> TASK ITEM
Each line below from the "还在羡慕别人靠短剧、短视频轻" line through the "I ordered the" line, those two included, must be restated word for word; the pictures must not be.

> MATERIAL SHOWN
↓↓↓
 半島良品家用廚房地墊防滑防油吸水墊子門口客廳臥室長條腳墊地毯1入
↑↑↑
↓↓↓
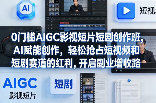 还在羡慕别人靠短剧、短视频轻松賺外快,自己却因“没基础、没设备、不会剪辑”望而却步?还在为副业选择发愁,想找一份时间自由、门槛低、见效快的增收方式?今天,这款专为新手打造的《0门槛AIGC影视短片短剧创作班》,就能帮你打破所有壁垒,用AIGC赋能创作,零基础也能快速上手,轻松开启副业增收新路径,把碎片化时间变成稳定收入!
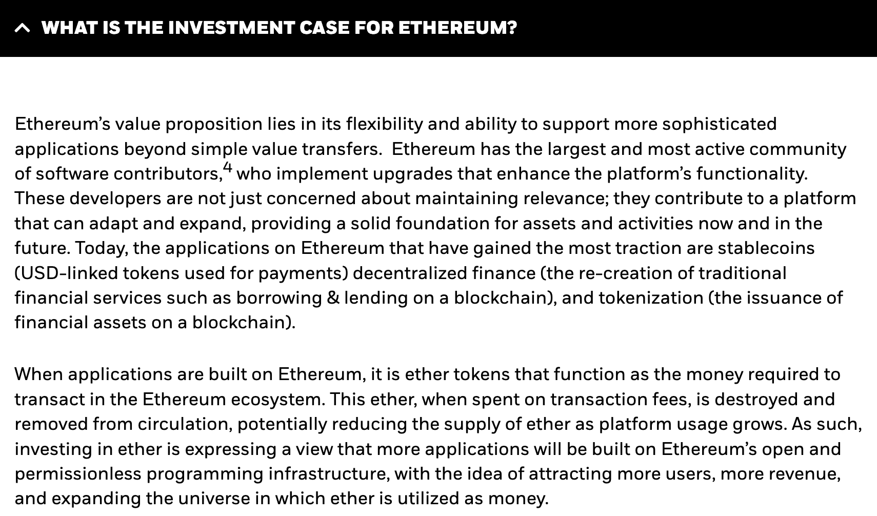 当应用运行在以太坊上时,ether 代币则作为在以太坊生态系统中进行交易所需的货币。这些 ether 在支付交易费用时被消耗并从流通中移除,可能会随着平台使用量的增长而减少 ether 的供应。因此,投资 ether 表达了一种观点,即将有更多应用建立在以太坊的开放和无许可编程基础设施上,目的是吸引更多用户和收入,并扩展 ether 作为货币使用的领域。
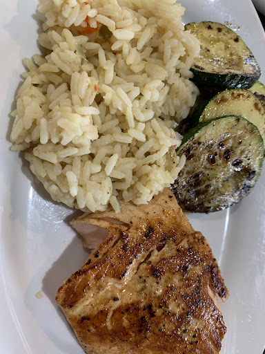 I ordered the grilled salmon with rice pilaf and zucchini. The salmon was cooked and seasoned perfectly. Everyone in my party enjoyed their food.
↑↑↑
↓↓↓
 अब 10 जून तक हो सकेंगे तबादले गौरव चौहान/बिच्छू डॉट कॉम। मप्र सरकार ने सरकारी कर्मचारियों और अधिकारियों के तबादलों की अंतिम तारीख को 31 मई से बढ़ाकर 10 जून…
↑↑↑
> EXERCISE SOLUTION
 还在羡慕别人靠短剧、短视频轻松賺外快,自己却因“没基础、没设备、不会剪辑”望而却步?还在为副业选择发愁,想找一份时间自由、门槛低、见效快的增收方式?今天,这款专为新手打造的《0门槛AIGC影视短片短剧创作班》,就能帮你打破所有壁垒,用AIGC赋能创作,零基础也能快速上手,轻松开启副业增收新路径,把碎片化时间变成稳定收入!
 当应用运行在以太坊上时,ether 代币则作为在以太坊生态系统中进行交易所需的货币。这些 ether 在支付交易费用时被消耗并从流通中移除,可能会随着平台使用量的增长而减少 ether 的供应。因此,投资 ether 表达了一种观点,即将有更多应用建立在以太坊的开放和无许可编程基础设施上,目的是吸引更多用户和收入,并扩展 ether 作为货币使用的领域。
 I ordered the grilled salmon with rice pilaf and zucchini. The salmon was cooked and seasoned perfectly. Everyone in my party enjoyed their food.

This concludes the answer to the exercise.